The law was signed into law by President Jimmy Carter in 1977.
National Community Reinvestment Coalition President and CEO John Taylor says the law was critical for bringing affordability to housing for those on the lowest economic rungs.
“The signing of the Community Reinvestment Act into law was a critically important moment for economic fairness in the United States. The affirmative obligation that banks serve and make safe and sound loans in the communities where they are chartered, including low- and moderate-income neighborhoods, has opened doors to economic opportunity for millions of working Americans,” he said. “Today, action should be taken to modernize the law and expand it to cover other institutions such as credit unions and independent mortgage companies, so that its benefits will be felt even more broadly.”
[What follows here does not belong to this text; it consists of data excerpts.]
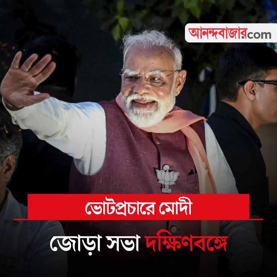 আজও পশ্চিমবঙ্গে ভোটপ্রচার করবেন প্রধানমন্ত্রী নরেন্দ্র মোদী। তাঁর জোড়া জনসভা রয়েছে। একটি পানিহাটিতে এবং অন্যটি বারুইপুরে।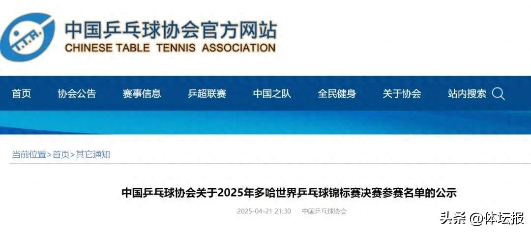 4月21日晚,中國乒協在官網公示了中國乒乓球隊參加2025年多哈世乒賽名單。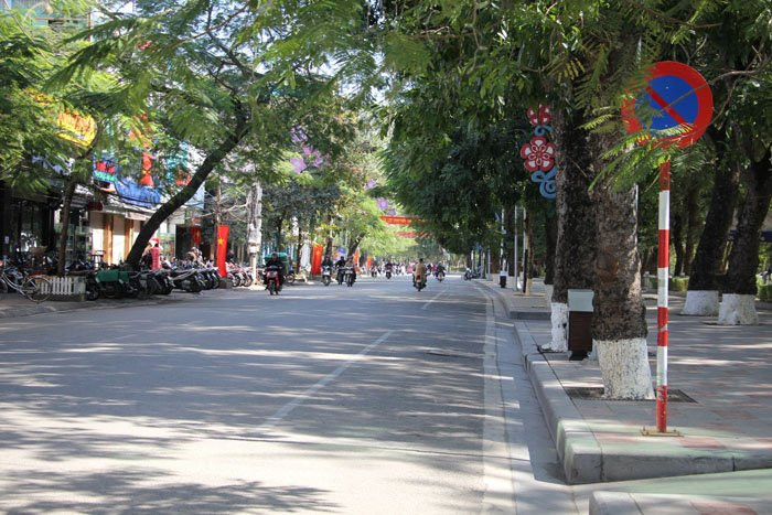 Đường Trần Hưng Đạo có nhiều cơ quan và quán cà phê bên đường cũng không có tình trạng ô tô đỗ dưới lòng đường.

Since 1996, CRA-covered banks issued more than 22 million small business loans in low- and moderate-income tracts, totaling more than $918 billion.
Further, CRA-covered banks made more than $796 billion of community development loans. Community development loans support affordable housing and economic development projects benefiting low- and moderate-income communities.
Spending on the programs has increased exponentially in recent years.
The annual dollar amount of community development loans increased 321% from $17.7 billion in 1996 to $74.6 billion in 2014. The annual dollar amount likewise increased 85% from 2010 to 2014.